Uno de los juegos favoritos de Esteban eran “las escondidas”; ya para entonces, el niño era considerablemente mas alto que Dondín, por lo que le era mas difícil esconderse y, también, presentaba mayores dificultades el hallar al duende, quien, por su tamaño, se ocultaba bajo las plantas o detrás de las piedras y raíces, haciendo mas divertido el juego.

En una ocasión, en la cual Esteban debería esconderse, lo hizo entre la maleza crecida, sin percatarse de que se había tendido sobre un hormiguero, de inmediato los insectos se le subieron al cuerpo y empezaron a picarlo; al escuchar su llanto y valiéndose de su magia, Dondín se presentó de inmediato junto al niño, impidiendo a las hormigas que le hicieran mas daño. Dondín ayudó a Esteban a levantarse y con el jugo de ciertas plantas, pronto alivió su dolor, sin que los padres del niño se percataran del incidente.

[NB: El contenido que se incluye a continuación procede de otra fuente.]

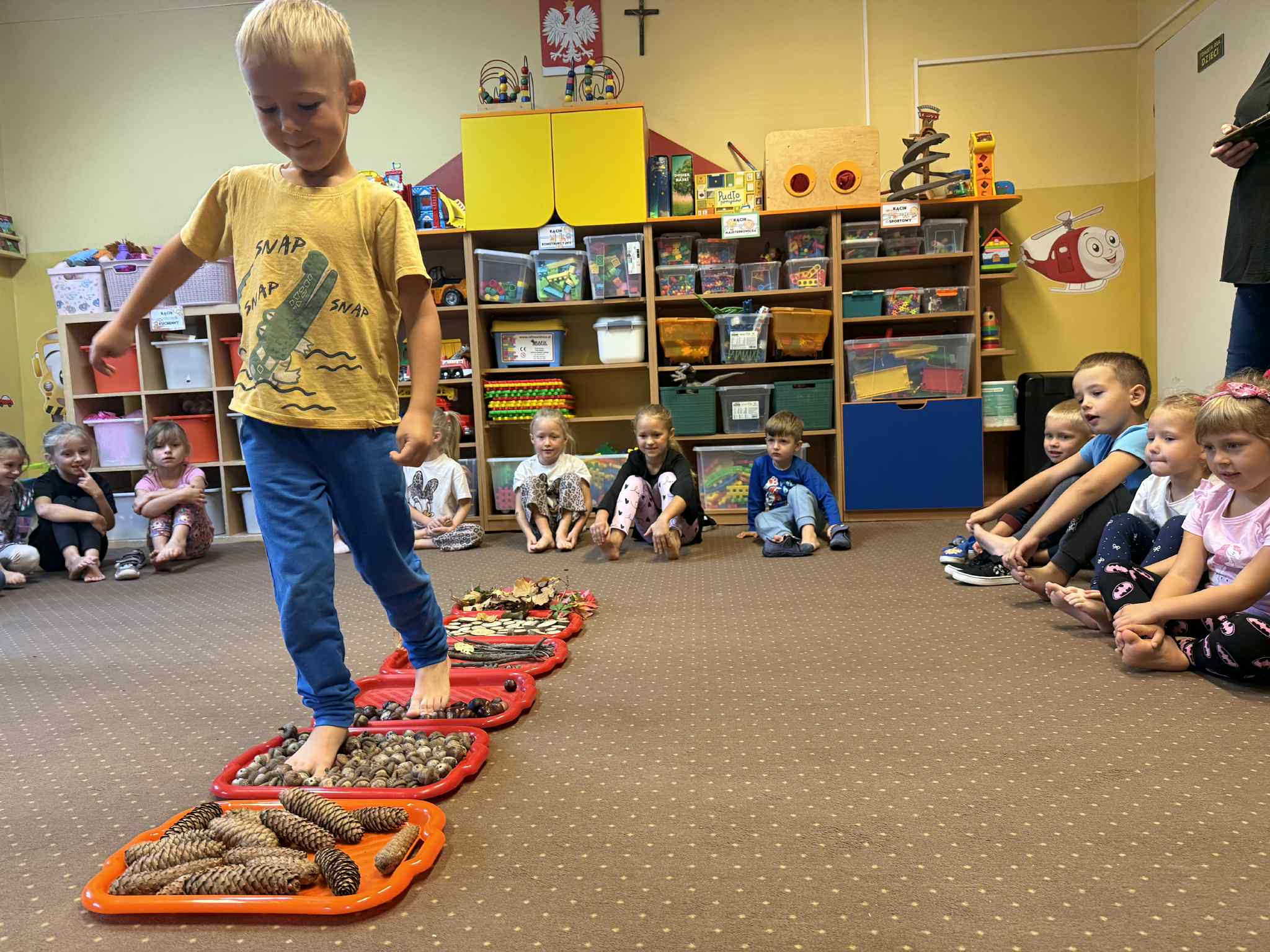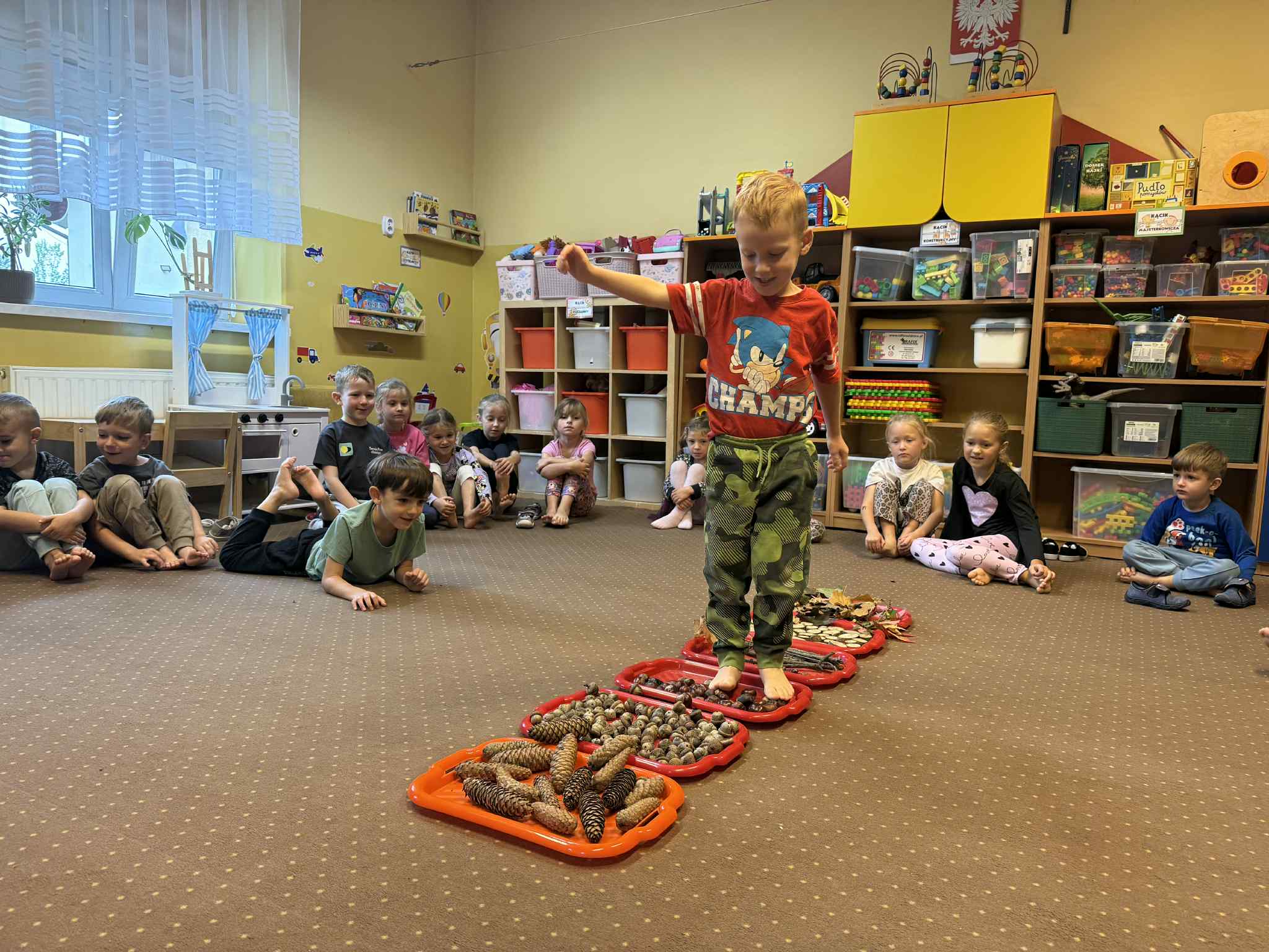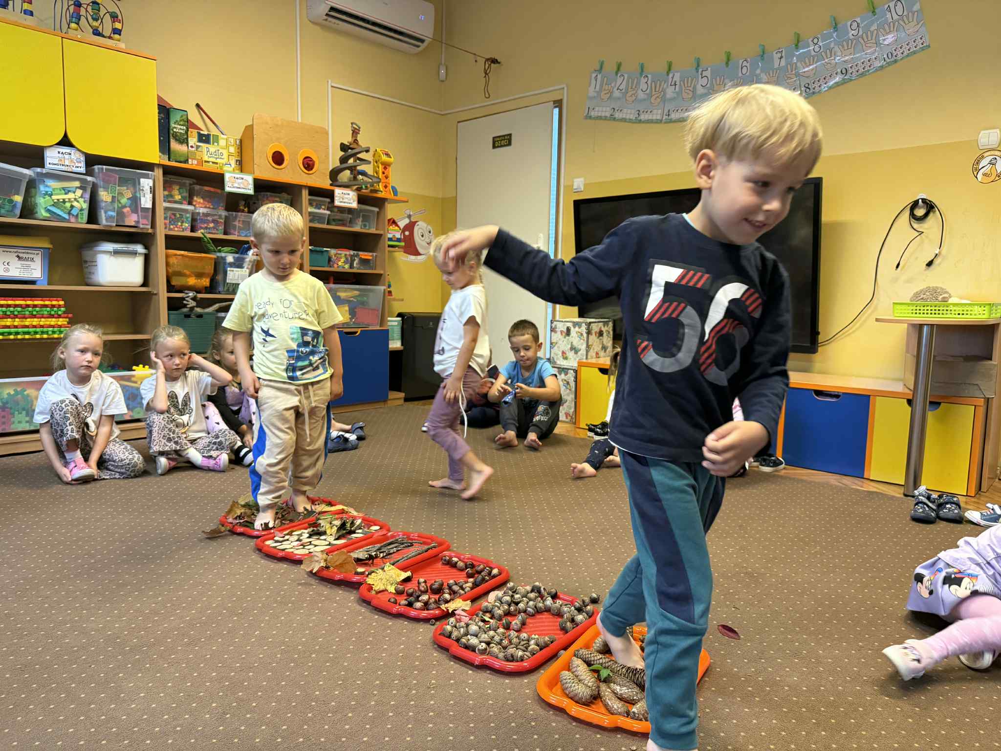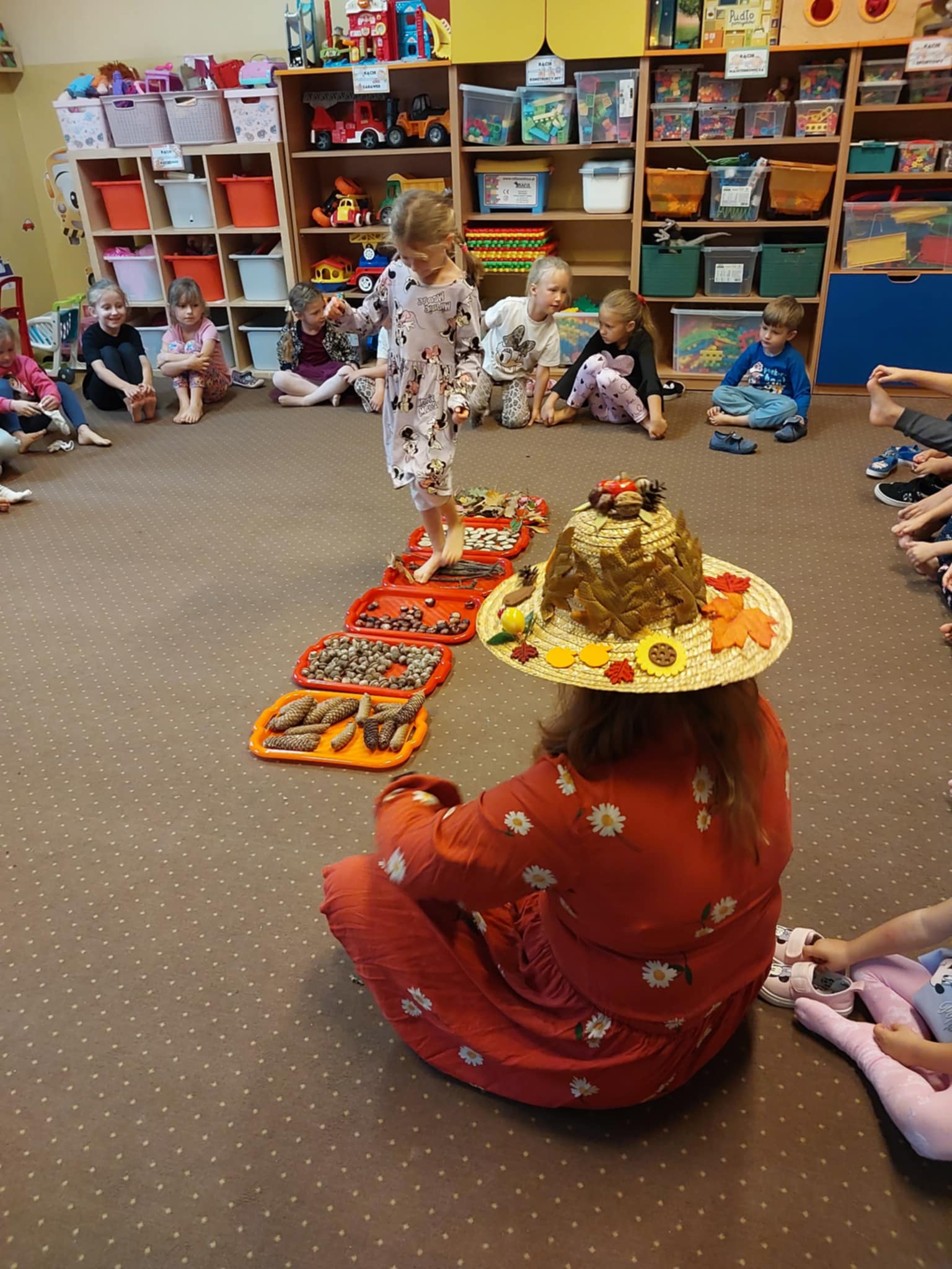 23.09 do naszego przedszkola zawitała Pani Jesień, niosąc ze sobą kosz pełen darów lasu i ogrodu. Dzieci rozwiązywały jesienne zagadki słowne, brały udział w radosnych zabawach muzycznych i przemierzały sensoryczną ścieżkę złożoną z darów natury. Wspólnie przeprowadziły eksperyment „Jesienne drzewo”, który wzbudził wiele emocji i ciekawości. Nie zabrakło też słodkiego, dyniowego poczęstunku – za który serdecznie dziękujemy mamie Szymonka. Na zakończenie każdy Maluszek stworzyło własny, kolorowy jesienny wianuszek z zebranych dzień wcześniej liści, który będzie piękną pamiątką tego wyjątkowego dnia. Było radośnie, twórczo i bardzo jesiennie!

La hormiga reina salió a enterarse del asunto y cuando supo lo ocurrido, se disculpó con Dondín y, a manera de desagravio, los invitó a conocer su reino. Dondín evaluó la situación, pues tendría que reducir a Esteban y a él mismo, a fin de que pudiesen entrar en la cueva de las hormigas; desde luego que no tenía problema para hacerlo, pero Esteban no debería recordar esta aventura, aunque siendo tan pequeño, con seguridad, difícilmente se acordaría. En cuanto al tiempo, tampoco sería problema, pues el tiempo transcurrido durante la visita, sería como un segundo en la vida humana y los padres de Esteban no se percatarían de la ausencia del niño.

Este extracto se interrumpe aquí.